Experience days or gifts

How about advertising an experience day to people as an unusual Christmas or birthday gift? Or offer one in an auction of promises? It’s a novel way to publicise your teaching, raise awareness of ringing and potentially recruit some new ringers. Here’s a sample poster to show the kind of thing you could advertise.

From feedback ART receives, the teachers who have agreed to cater for this request have often found that offering an "introduction to bell ringing" day can be a very good way of recruiting a new ringer, either for their own tower or somewhere else nearby in the local area.

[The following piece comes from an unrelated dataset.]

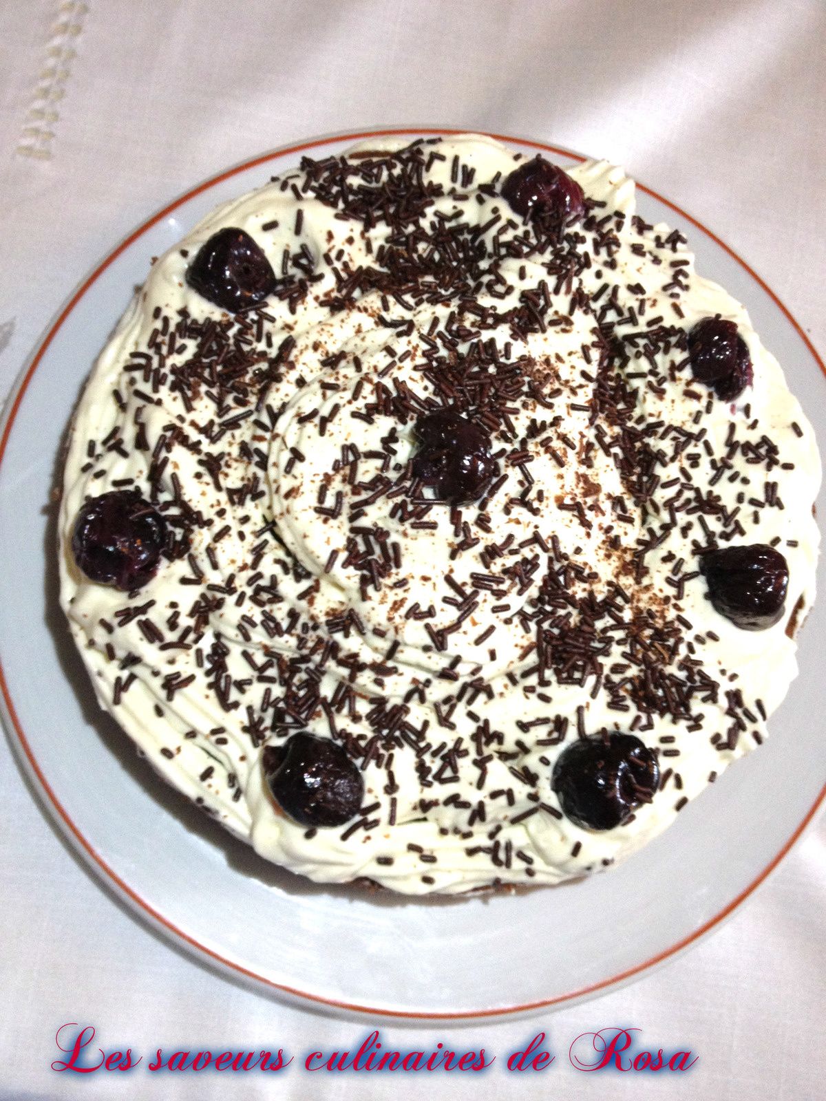 à la maison et tout de suite j'ai pensé à faire la forêt noire pour la première fois, normalement la déco se fait avec des coupeaux ou des cigares de chocolat mais j'en avais pas, du coup j'ai fais avec les moyens du bord

Over recent years, ART has received quite a few enquiries from people asking whether it’s possible to buy a "Church bell ringing experience" day package for a friend or family member. Just before Christmas and Valentine’s day, ART receives a flurry of these enquiries. We have even been approached for a corporate team building day where everyone tries their hand at church bell ringing.

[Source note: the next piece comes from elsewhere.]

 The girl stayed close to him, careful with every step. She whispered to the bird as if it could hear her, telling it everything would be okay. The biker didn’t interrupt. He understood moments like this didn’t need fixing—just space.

Some teachers have expressed concern that this is not something we should encourage as the person isn’t seriously looking for ringing lessons, otherwise they would have just approached their local tower. However, most of us have a bucket list of things that we’ve always wanted to try, but we just don’t make the time for ourselves amid a busy schedule … but if a close friend arranged a gift of a whole day doing that activity, we’d be delighted!

A successful experience

  • The person requesting the ‘experience day’ for their friend usually expects to pay or make a good donation to the Church or Bell Fund.
  • A positive experience in the tower can help someone achieve a long held ambition to ring a Church bell, and once they’ve been given a warm welcome to ringing, they very often get the bug and want to keep at it.
  • If teachers enrol them on the Learning the Ropes programme and start ticking off bell handling achievements in the blue progress books, the ringer is likely to feel motivated to keep coming back to complete their Level 1.
  • They sometimes bring another friend with them to watch (usually the person who contacted ART in the first place) and they end up having a go too.
  • Even if the person doesn’t take up ringing as a long term hobby, they and their friend will both leave with a positive impression, better informed, and happy!

Some amazing PR

Here’s an email from one happy lady who had a recent bell ringing experience day. At the end of a day ringing on the simulator she received a certificate of attendance as a souvenir.

I would like to personally thank you for your time, kindness, help and support last Friday. I was extremely excited to ring the bell (which I am sure you noticed) and you helped me achieve a life long dream which I will never forget. My words can honestly not express enough how grateful I am to you. I hope we cross paths again one day. Thank you again for such an amazing time.

I wanted to ask whether it would be possible to give my husband a short introductory lesson in bell ringing. He’s a professional musician and loves bells and I thought it might be a nice idea to give him an experience of ringing for himself for his birthday. Is this something you could do?


A Surprise Present

On responding, I found that Rebecca was hoping this could be a surprise. What should we say? Well in North Staffs our reaction to such things tends to be “Good, a chance to recruit”. We’ve had some experience of towers offering lessons in promises auctions and thought we should give this a try. The nearest tower was Stone, where David Simpson is Tower Captain. We agreed that David would offer a lesson in return for a donation to the bell fund. David got in touch and within not many weeks, Alex had received his surprise, done his sample lesson and taken up ringing.